3 Jack Jill a married couple filing jointly have a projecte
3. Jack & Jill, a married couple filing jointly, have a projected 2017 taxable income of $300,000. Their neighbor Bob & Betty, also a married couple filing jointly, have a projected 2017 taxable income of $ 66,000. James, a friend to both couples works for a brokerage company specializing in bonds. He asks both couples to consider investing $ 100,000 in either of the following bonds: A municipal bond that pays tax free interest income. 10 year bond paying 6% interest per year, or An AT&T; bond that pays taxable interest income. 10 year bond paying 8% interest per year.
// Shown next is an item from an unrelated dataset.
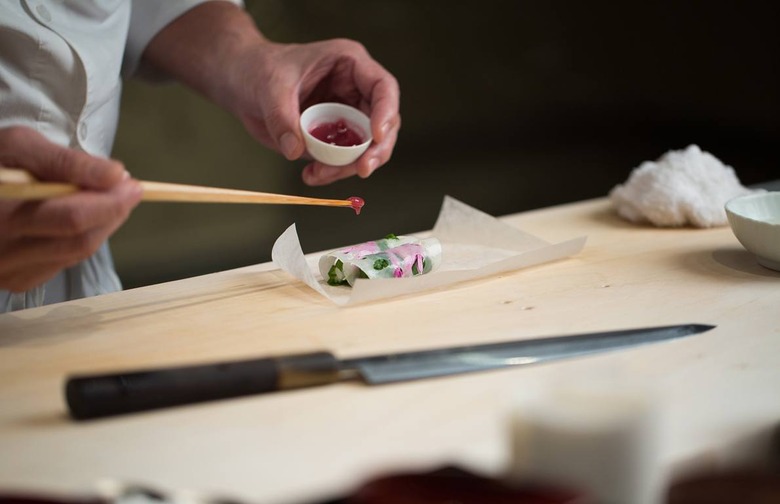 Former New York Times critic Sam Sifton took Masa down to three stars from the four given to it by his predecessor, apparently in part because they made him wait outside when he showed up early, didn't explain all the dishes, and didn't pay him much attention after dessert. That doesn't seem to have discouraged the high-rollers who crowd the sushi bar or — losing some of the immediacy of the experience — sit at one of the small tables. Masa's toro-stuffed maki rolls have been known to inspire lip-twitching and eye-rolling, and the toro with beluga caviar seems almost worth the price of admission. And what a price that is: The swanky Time Warner Center setting and elaborate omakase-only menu is accompanied by a high bar for entry. At an astonishing $595 per person before beverages (service included; they did away with tipping last year), you're looking at a bill that can easily total more than $1,500 for two.

Assume each bond has identical risk and other features. A. Which bond would you recommend to Jack & Jill? Why? B. Which bond would you recommend to Bob & Betty? Why.
Solution
Solution A:
Projected taxable income of Jack and Jill = $300,000
As per fedreal tax rate, jack & jill will fall in tax slab of 33%
Therefore if they invest AT&T Bond there after tax return will be = 8% (1-0.33) = 5.36%
If they invest in tax free muncipal bonds there return will be = 6%
Hence Jack and Jill should go for tax free Muncipal bonds.
Solution A:
Projected taxable income of Bob & Betty = $66,000
As per fedreal tax rate, Bob & Betty will fall in tax slab of 15%
Therefore if they invest AT&T Bond there after tax return will be = 8% (1-0.15) = 6.80%
If they invest in tax free muncipal bonds there return will be = 6%
Hence Bob & Betty should go for taxable AT&T Bonds.